11. A device mount for an ion generation device, the mount comprising: an interior cavity shaped to receive the ion generation device;at least one engagement mechanism defined on a first side of the device mount; andat least one engagement mechanism defined on a second side of the device mount opposite the first side of the device mount,wherein the device mount is configured to engage with the device for generating ions via the at least one engagement mechanism defined on the first side of the device mount and the at least one engagement mechanism defined on the second side of the device mount in an instance in which the ion generation device is inserted into the device mount.

12. The device mount of claim 11, wherein the at least one engagement mechanism defined on the first side of the device mount or at least one engagement mechanism defined on the second side of the device mount are snap-fit mechanisms.

13. The device mount of claim 12, wherein at least one of the at least one engagement mechanism defined on the first side of the device mount or at least one engagement mechanism defined on the second side of the device mount is a permanent snap-fit mechanism.

14. The device mount of claim 12, wherein at least one of the at least one engagement mechanism defined on the first side of the device mount or at least one engagement mechanism defined on the second side of the device mount is a temporary snap-fit mechanism.

15. The device mount of claim 12, wherein the at least one engagement mechanism defined on the first side of the device mount is configured to engage with a finger slot defined on the ion generation device.
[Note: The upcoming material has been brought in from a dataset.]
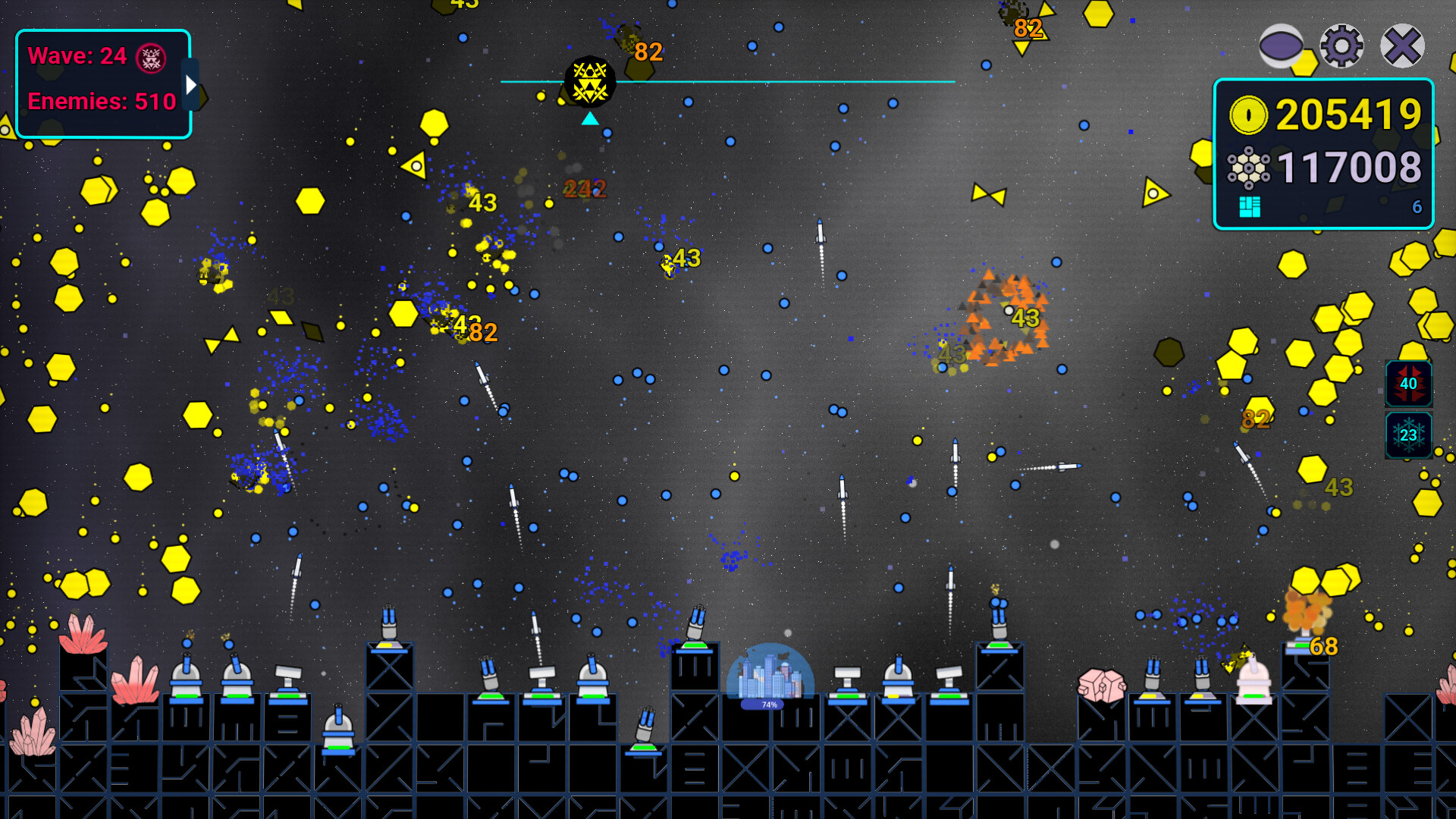 There are no predefined paths here. Enemies attack from the air and approach from different angles, forcing you to decide where to concentrate your fire and which areas to leave more exposed. Each wave tests the coverage and placement of your towers.

16. The device mount of claim 12, wherein the at least one engagement mechanism defined on the second side of the device mount is configured to engage with a channel provided on the ion generation device.

17. The device mount of claim 11, wherein the at least one engagement mechanism defined on the first side of the device mount provides a holding force in a direction opposite the at least one engagement mechanism defined on the second side of the device mount.

18. The device mount of claim 11, wherein at least one of the at least one engagement mechanism defined on the first side of the device mount defines an engagement tooth to be inserted into a device for generating ions.

19. The device mount of claim 11, wherein the device mount is at least partially magnetized to assist attachment of the device mount to a structure.

20. The device mount of claim 11, further comprising one or more attachment apertures structured to receive an attachment means to attach the device mount to a structure.